Work task
Find the line below with "作り込まれた瓦礫や青くゆらめ" and the line with "The designers drew". Output exactly those lines and everything between them, leaving out the pictures.

Information given
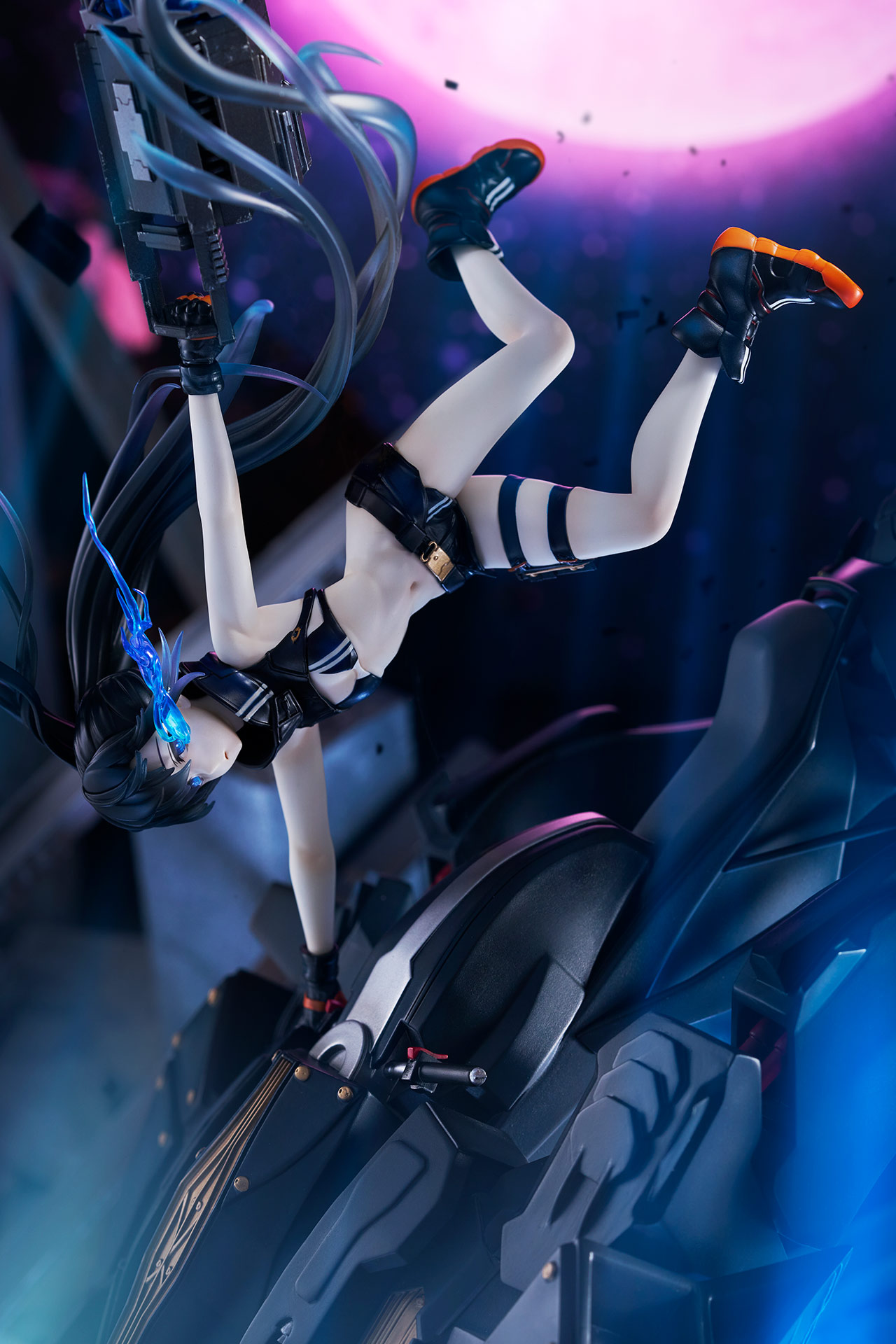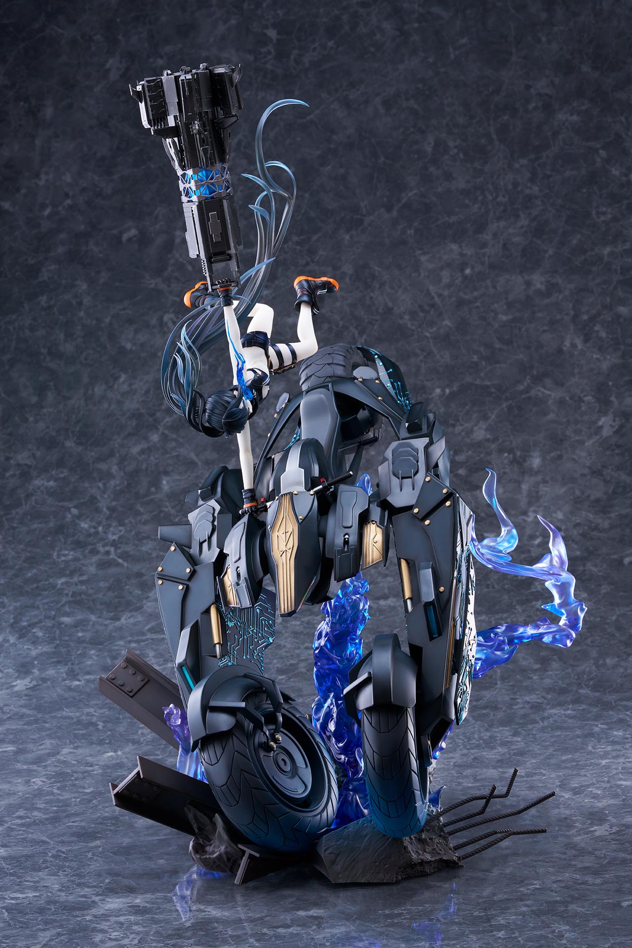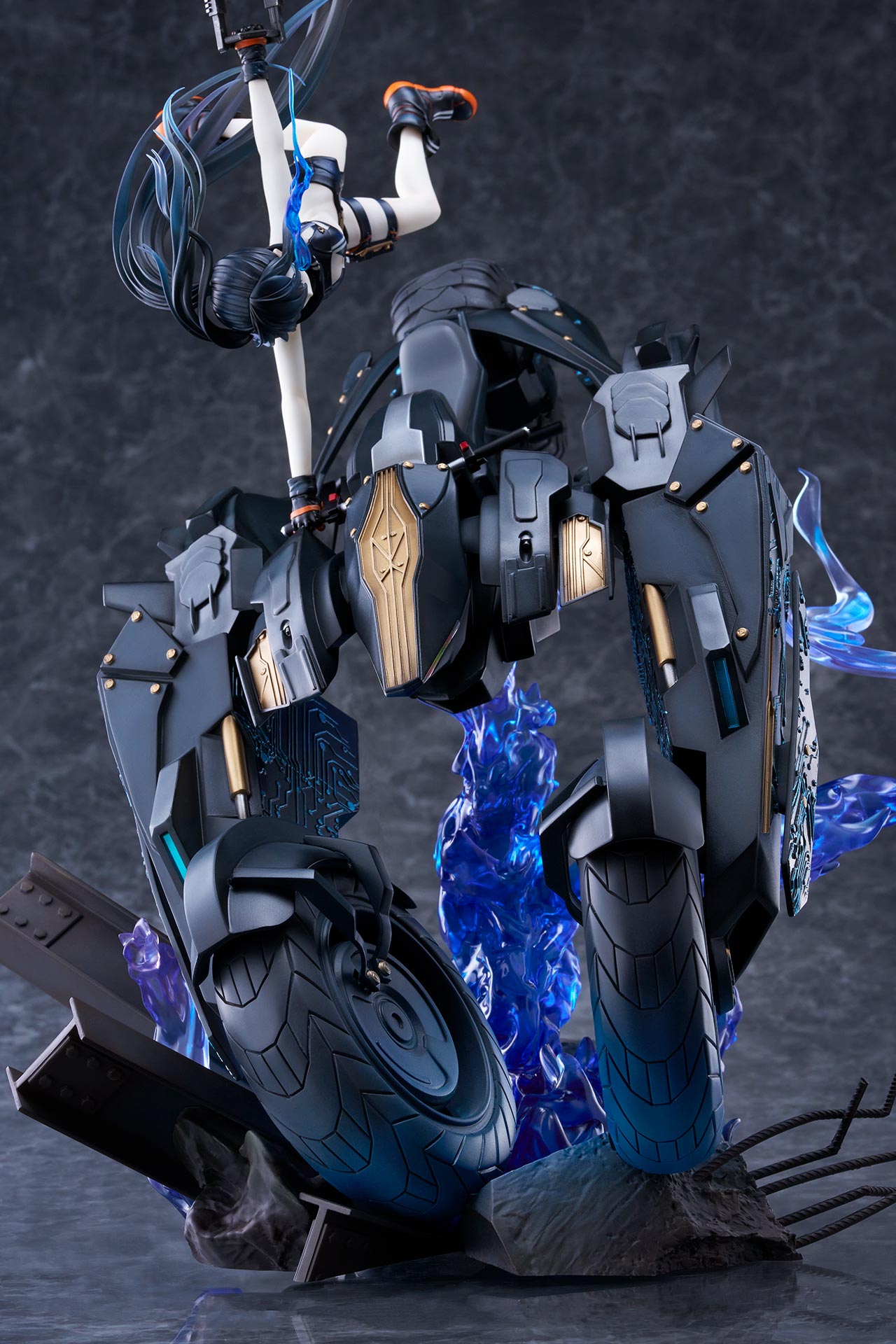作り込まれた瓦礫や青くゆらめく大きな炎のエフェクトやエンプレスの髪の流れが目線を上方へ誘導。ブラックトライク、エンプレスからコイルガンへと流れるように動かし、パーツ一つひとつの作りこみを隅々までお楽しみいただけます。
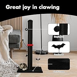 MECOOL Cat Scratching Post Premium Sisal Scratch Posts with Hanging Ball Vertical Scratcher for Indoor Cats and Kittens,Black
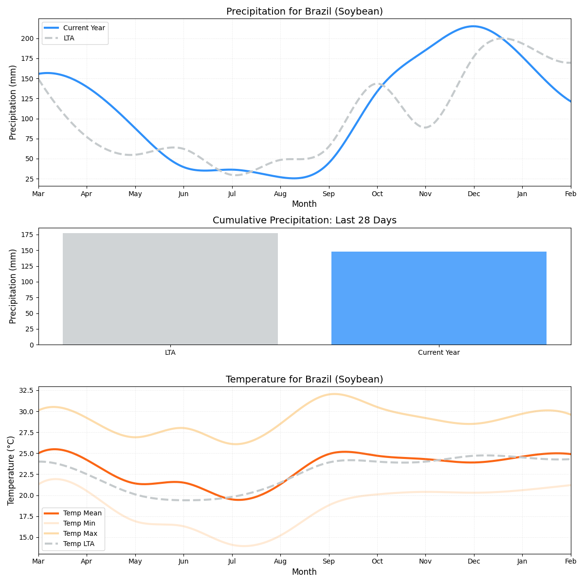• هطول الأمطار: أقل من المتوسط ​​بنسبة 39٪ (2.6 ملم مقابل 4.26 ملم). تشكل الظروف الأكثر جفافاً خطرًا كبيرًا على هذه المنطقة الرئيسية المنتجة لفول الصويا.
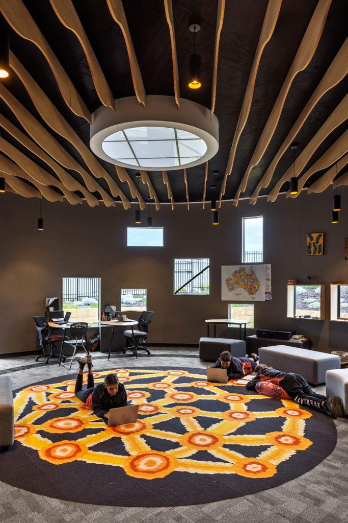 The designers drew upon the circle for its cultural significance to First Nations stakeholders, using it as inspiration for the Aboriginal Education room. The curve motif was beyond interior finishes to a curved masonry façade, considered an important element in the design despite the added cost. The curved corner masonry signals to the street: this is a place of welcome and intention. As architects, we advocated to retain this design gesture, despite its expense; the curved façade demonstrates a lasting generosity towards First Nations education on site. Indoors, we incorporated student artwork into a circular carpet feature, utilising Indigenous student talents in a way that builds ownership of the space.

---

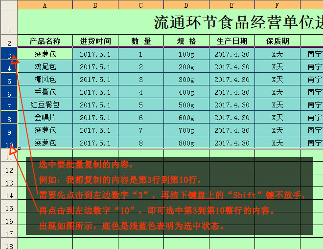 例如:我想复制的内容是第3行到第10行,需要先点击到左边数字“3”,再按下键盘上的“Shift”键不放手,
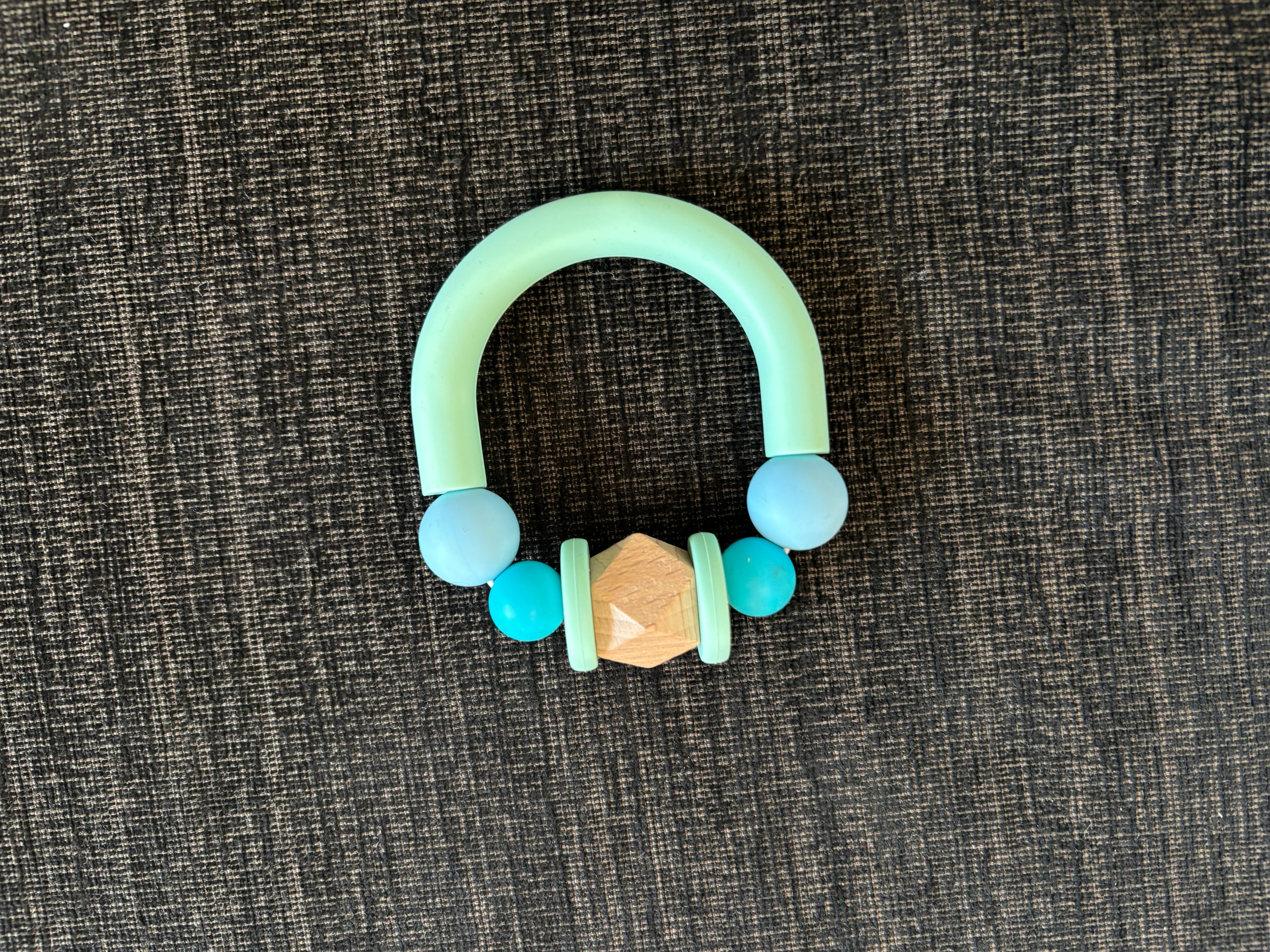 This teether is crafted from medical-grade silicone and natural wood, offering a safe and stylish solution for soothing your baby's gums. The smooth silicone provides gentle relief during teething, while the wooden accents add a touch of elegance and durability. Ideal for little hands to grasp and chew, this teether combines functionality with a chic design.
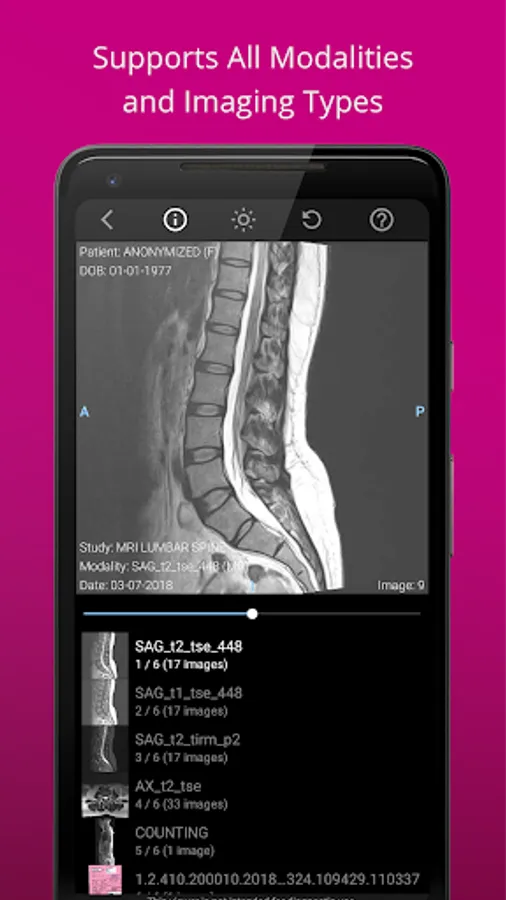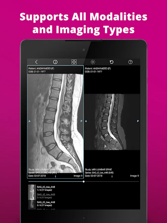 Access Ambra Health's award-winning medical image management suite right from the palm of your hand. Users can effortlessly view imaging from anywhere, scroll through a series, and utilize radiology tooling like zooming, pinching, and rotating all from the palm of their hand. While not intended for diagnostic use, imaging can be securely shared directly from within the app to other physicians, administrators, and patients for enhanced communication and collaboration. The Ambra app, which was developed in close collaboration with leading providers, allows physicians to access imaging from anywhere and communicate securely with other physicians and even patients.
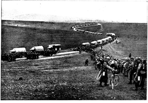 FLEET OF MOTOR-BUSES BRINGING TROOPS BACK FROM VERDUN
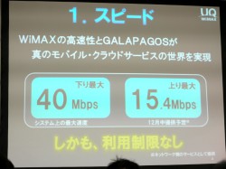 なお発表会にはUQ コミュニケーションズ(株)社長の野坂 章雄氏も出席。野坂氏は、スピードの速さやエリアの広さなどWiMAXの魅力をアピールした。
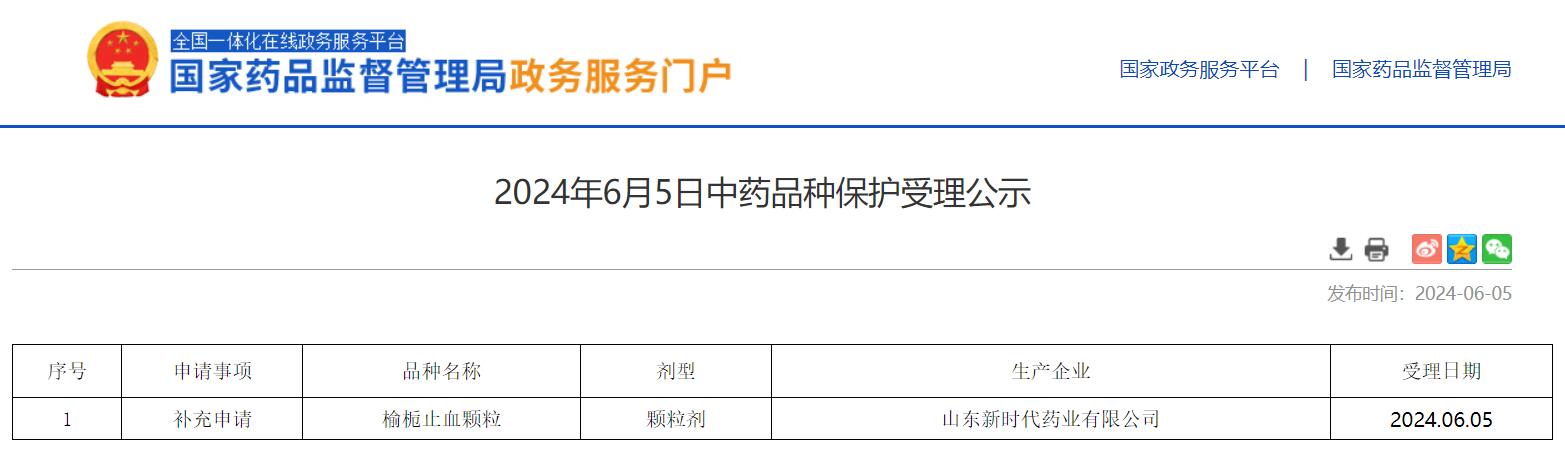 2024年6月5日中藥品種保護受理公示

--

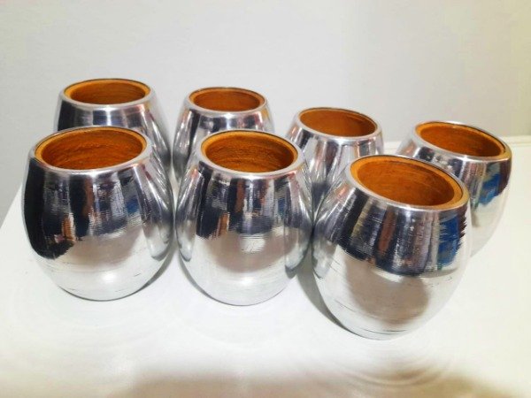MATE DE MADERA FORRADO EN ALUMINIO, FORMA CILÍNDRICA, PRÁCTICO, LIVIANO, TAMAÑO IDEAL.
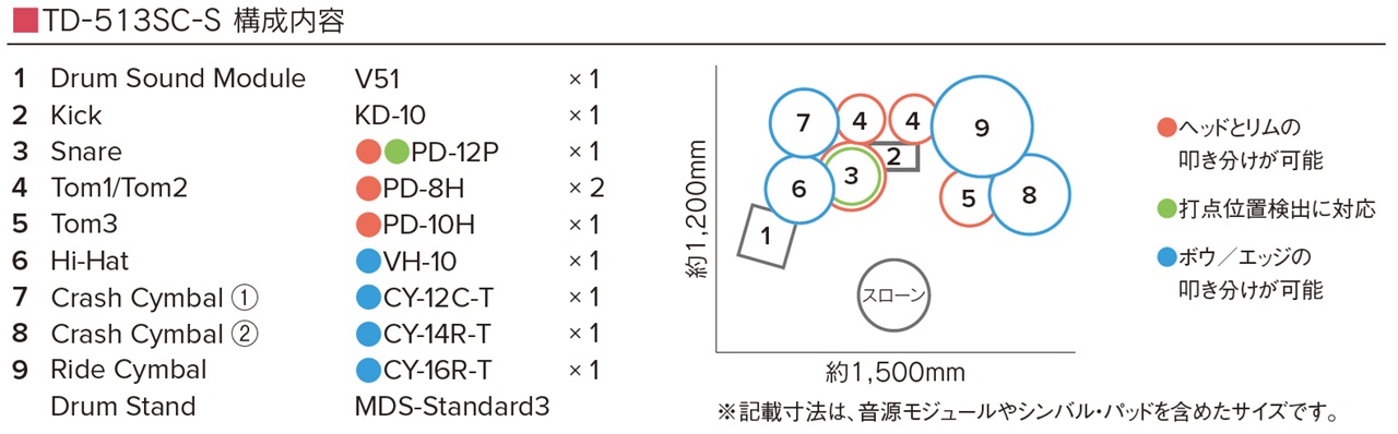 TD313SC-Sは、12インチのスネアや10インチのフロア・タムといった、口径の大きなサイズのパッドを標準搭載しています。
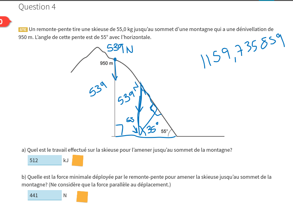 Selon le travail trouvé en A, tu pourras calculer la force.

Written reply
作り込まれた瓦礫や青くゆらめく大きな炎のエフェクトやエンプレスの髪の流れが目線を上方へ誘導。ブラックトライク、エンプレスからコイルガンへと流れるように動かし、パーツ一つひとつの作りこみを隅々までお楽しみいただけます。
 MECOOL Cat Scratching Post Premium Sisal Scratch Posts with Hanging Ball Vertical Scratcher for Indoor Cats and Kittens,Black
• هطول الأمطار: أقل من المتوسط ​​بنسبة 39٪ (2.6 ملم مقابل 4.26 ملم). تشكل الظروف الأكثر جفافاً خطرًا كبيرًا على هذه المنطقة الرئيسية المنتجة لفول الصويا.
 The designers drew upon the circle for its cultural significance to First Nations stakeholders, using it as inspiration for the Aboriginal Education room. The curve motif was beyond interior finishes to a curved masonry façade, considered an important element in the design despite the added cost. The curved corner masonry signals to the street: this is a place of welcome and intention. As architects, we advocated to retain this design gesture, despite its expense; the curved façade demonstrates a lasting generosity towards First Nations education on site. Indoors, we incorporated student artwork into a circular carpet feature, utilising Indigenous student talents in a way that builds ownership of the space.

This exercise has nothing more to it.